Also, about the groups "staff", "admin", and "wheel".  The "admin" group includes everybody who is set to be an admin in the Users pane of the System Preferences -- this includes the root user.  "wheel" is similar, in that in includes all admins, but it does not include the root user.  The "staff" group only includes root.  This information can easily be obtained by the NetInfo Manager application.  *I would like to point out, however, that you can also sort of get this information via the "groups" command in the Terminal -- and it presents a discrepancy.  If I put in the command groups simmy, the terminal claims I am part of all 3 groups "staff", "wheel", and "admin".  Furthermore, it claims that a non-admin user, (I made one called "test2"), is also in the group "staff".  However, I tend to agree with NetInfo Manager, because if you create a new user, his directories are all owned by the group "staff".  However, in the Finder, even an ADMINISTRATOR cannot access the files.  This shows that, in fact, only the root user is in the group "staff", as NetInfo Manager correctly reports.  I have no idea why the "groups" command would report otherwise.  Obviously, though, this is a flaw in Mac OS X, because an admin should be able to access another user's files via the Finder, as I had posted in a previous thread before, but no one really took notice.  A simple solution would be to make all new folders created for new users to be owned by the group "admin" instead.  This way the owner of the files can access her files, and any admin can, but everyone else cannot.*  Anyone else care to comment on this flaw -- I would like to know if anybody is experiencing the same problem -- log in as administrator, and create a new user that is not an administrator.  Then, if you go to the "Users" folder inside your Mac OS X partition, and open up the home folder for the user you just created, you should be denied access from going into any of the "Movies", "Music", "Documents" and similar folders.  I would *REALLY* like someone to confirm this.

That's enough UNIX for one day.  I'll be happy to answer other questions about UNIX though.  Also, I believe I am correct for most of this stuff, but if I am not, anybody is free to correct me (but I won't admit I'm wrong without proof!  ).


----------



## kilowatt (Dec 18, 2001)

Thankyou, very much!

that was very helpfull, especially the tr and cut commands. this opens up tons of scripts I couldn't complete before.
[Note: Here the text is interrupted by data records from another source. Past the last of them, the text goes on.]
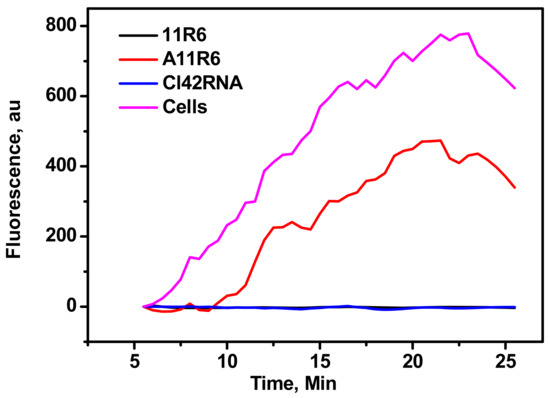 Cells treated with anti-VCAM-1 ssDNA or anti-IL4Rα RNA aptamers showed significant increase in the absorption at 570 nm (Figure 1A) compared to untreated cells. This is presumably due to the lower sensitivity of the UV–Visible absorption spectroscopy compared to fluorescence spectroscopy. In order to further confirm this hypothesis, more sensitive fluorescence measurements were carried out to assess the effects of aptamers on the cell growth factor. The fluorescence intensity of the reduced form of dye (Em = 590 nm) was found to increase relatively significantly, with the incubation time in the untreated cells or with truncated VCAM-1 aptamer (A11R6) (Figure 1B). However, no significant increase in the fluorescence intensity of Cl42RNA aptamers incubated with cancer cells was observed. The considerable increase in the fluorescence intensity in the presence of 11R6 compared to Cl42RNA might be due to the lower affinity of 11R6 with VCAM-1.
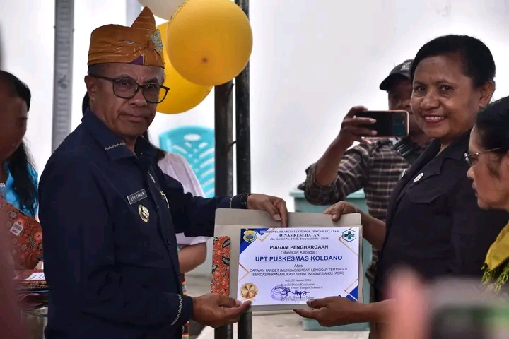 Suasana peresmian gedung Unit Pelaksana Teknis (UPT) Puskesmas Prototype Oinlasi oleh Bupati Timor Tengah Selatan, Egusem Pieter Tahun, ST.,MM, menjadi sorotan pada Kamis (25/01/2024). Acara tersebut juga menjadi momen penting untuk penyerahan penghargaan kepada Puskesmas yang mencapai target imunitas dasar lengkap, sertifikat akreditasi Puskesmas, dan penghargaan bagi desa dengan pelayanan kesehatan terbaik.
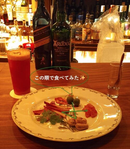 「皿の旅」とは、俺が持っているボタニカルアートの皿をBarに持ち込み、酒と共にフードを楽しむという企画?(笑)。
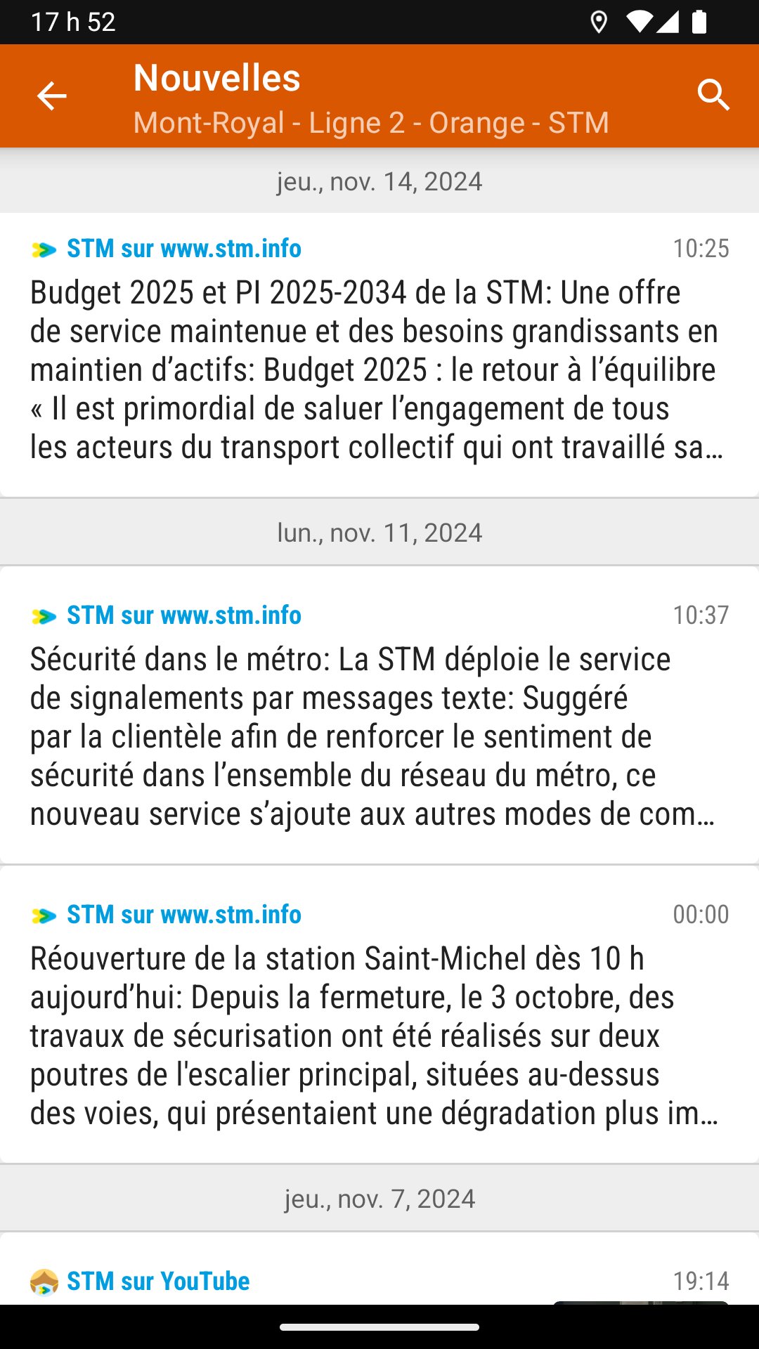 - les messages d'alertes et les dernières nouvelles des agences de transport provenant de leurs sites Internet, blogues, Twitter, YouTube…
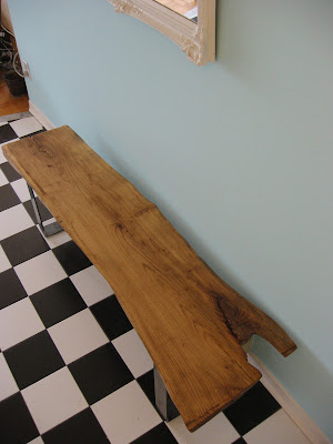 For some reason, there was a huge cut into the piece. I assumed it was from a chainsaw. I made a nice inlay to fill the gap. I like it. |

Also, the ` is interesting as well.


Thankyou, thankyou, thankyou.


----------



## simX (Dec 18, 2001)

I took a UNIX class last year because I knew I would want to tinker around with the command line, and I don't regret taking it at all.  Even though the class was boring, it really pushed me to learn the basic commands, and then I can really learn by myself from then on.  I highly suggest taking a UNIX class to anyone who REALLY wants to tinker with OS X's underpinnings, even if it's a beginning UNIX class -- preferably one that deals with BSD UNIX. 

I really would like people to verify my observations on my computer and my mom's iBook that all new users have folders that are owned by "staff", and so even administrators cannot access them.  Can someone PLEASE verify this for me?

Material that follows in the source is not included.